Apex methods should do one thing, but what is one thing?

This is a preview of Chapter 3 of my upcoming book: Clean Apex Code for Salesforce. You can read a preview of chapter 1, here.

Methods are at the heart of Apex programming. Aside from anonymous Apex, all Apex code runs inside methods. We use methods to organize logic and to create an entry point to our code. Given their importance, it makes sense to dedicate an entire chapter to learning how to keep them clean.

Common wisdom says two things make methods clean: they do one thing, and they are short. But these concepts are just the end result of many design principles. Studying them without exploring those principles won't teach you how to properly think about methods.

In this chapter, we will dive into the principles behind these guidelines, so we can understand how to keep our methods clean and effective.

Why should methods do one thing

Before we define what “one thing” is, let’s first explore why methods should do one thing. Consider the following example

public static User createUser(String firstName, String lastName, String username) {

    List<User> users = [SELECT Id FROM User WHERE Username = :username 
										    AND Business_Area__c == 'CRM Team'];
    if (!users.isEmpty()) {
        return users[0];
    else {
        User newUser = new User();
        newUser.Username = username;
        newUser.FirstName = firstName;
        newUser.LastName = LastName;
        newUser.Email = username;
        newUser.Alias = username;

        insert newUser;

        String chars = 'ABCDEFGHIJKLMNOPQRSTUVWXYZ0123456789abcdefghijklmnopqrstuvwxyz';
        String password = '';
        while (pass.length() < 8) {
            Integer idx = Math.mod(Math.abs(Crypto.getRandomInteger()), chars.length());
            password += chars.substring(idx, idx+1);

        return newUser;

How many things do you think this method does? Let’s count them:

  1. It queries users from the database
  2. If an existing user exists, it returns it
  3. If it doesn’t exist, it creates a new one
  4. It generates a password from a random string
  5. It resets the user password
  6. Returns a new user

Clearly, this method does more than one thing. And that in and on itself isn’t bad, the problem arises from the consequences of doing more than one thing. Let’s explore these consequences.

Mixing different levels of abstraction

The first problem with methods that do more than one thing is that they can often mix different levels of abstraction. Abstraction is a significant topic that we will cover in detail in future chapters.
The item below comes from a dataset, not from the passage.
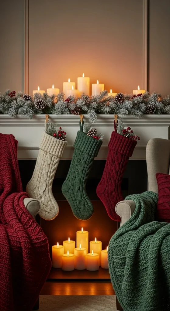Soft textures add instant warmth. Hang chunky-knit stockings and layer cozy fabrics like faux fur or wool throws nearby. Pair with white candles and greenery. This cozy, tactile approach makes your space feel intimate and perfect for fireside evenings.
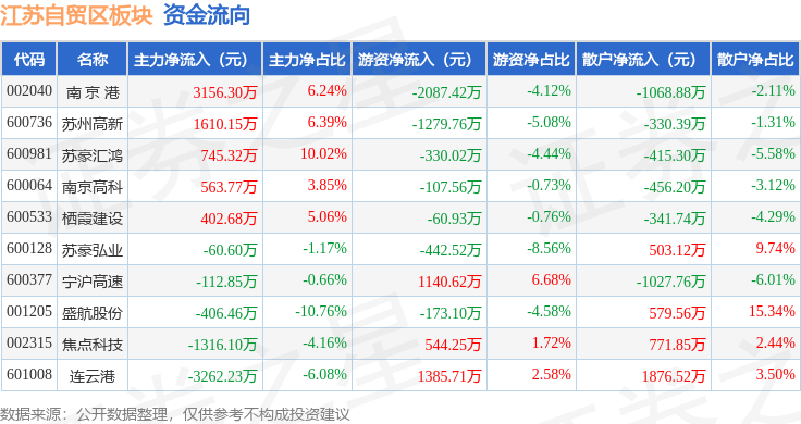从资金流向上来看,当日江苏自贸区板块主力资金净流入1319.97万元,游资资金净流出1410.75万元,散户资金净流入90.78万元。江苏自贸区板块个股资金流向见下表:

For now, we can define abstraction as a mental model we use to understand concepts.

For example, when you drive a car, you are operating it at a higher level of abstraction, which includes the steering wheel, pedals, and other controls. You are not concerned about the internals of the car and how moving the steering wheel actually makes the wheels turn. These details are hidden from you because exposing them would make driving a car much more complicated.

In contrast, these details are crucial for a car mechanic who is inspecting a fault in the car. The mechanic operates at a lower level of abstraction. The higher the level of abstraction, the fewer details we are exposed to; the lower the level of abstraction, the more details and complexity will be visible.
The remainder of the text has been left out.